“I need to find a user by his job title but Power Automate keeps asking for email or id, how can I use his role property instead?”
When you’re looking for more information about a user, you probably use the ‘Get user profile’ action. You input the user email or his id, and it’ll return his whole user profile. But what if you don’t have his email nor user id? What if you’ve got e.g. his job title, or a unique user code in your organisation? How do you find such user?
Use an HTTP request via Graph API
Since the default action won’t help (unless you want to get all users and then filter with the ‘Filter array’ action) you’ll have to look elsewhere. And the place to look is an HTTP request.
You’re looking for a user, meaning the endpoint to call is /users.
Method: GET
Uri:
https://graph.microsoft.com/v1.0/users
But such request would give you all the users, you don’t want that.
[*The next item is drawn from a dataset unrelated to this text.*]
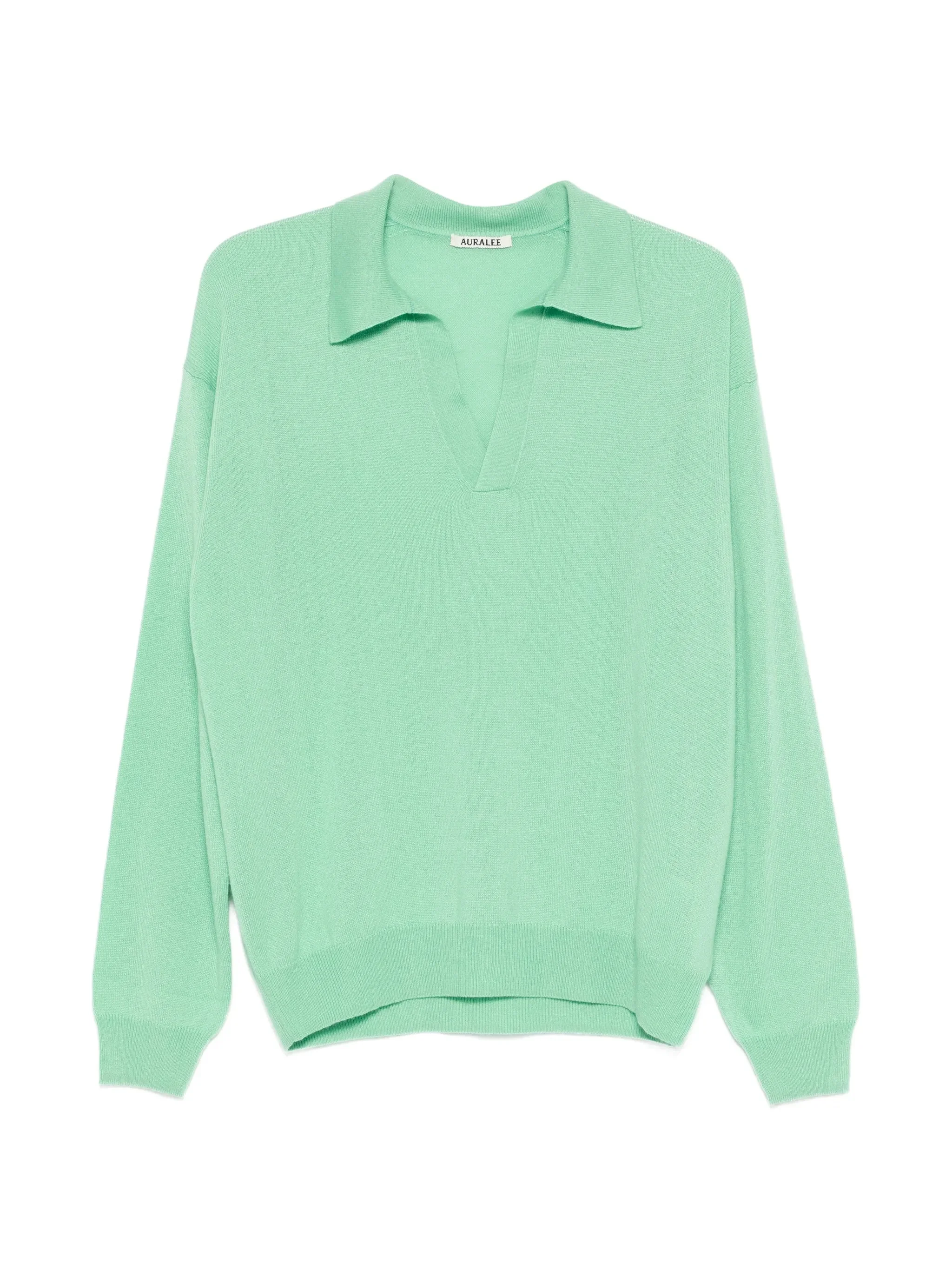 - mint green - polo collar - long sleeves Materials & Product Care Cashmere 50%, Silk 50%

You want only the users that fit a condition, a filter in the format below:
https://graph.microsoft.com/v1.0/users?$filter=<property> eq '<value>'
While you might be tempted to use this request in the Office 365 Users action ‘Send an HTTP request’, don’t. At the time of this article it’s not working.
Use the ‘Send an HTTP request’ action from the Office 365 Groups instead.
The response will be a JSON with all the users fitting the condition where you can extract the information directly with an expression.
Summary
When an action won’t help, use an HTTP request. While Power Automate has an action to get user profile, you can’t use it to find users using a different property than email or id. Luckily there’s a workaround by adding the filter directly into a request to Graph API. Add the $filter parameter, pick which property it should search in, and the value to look for.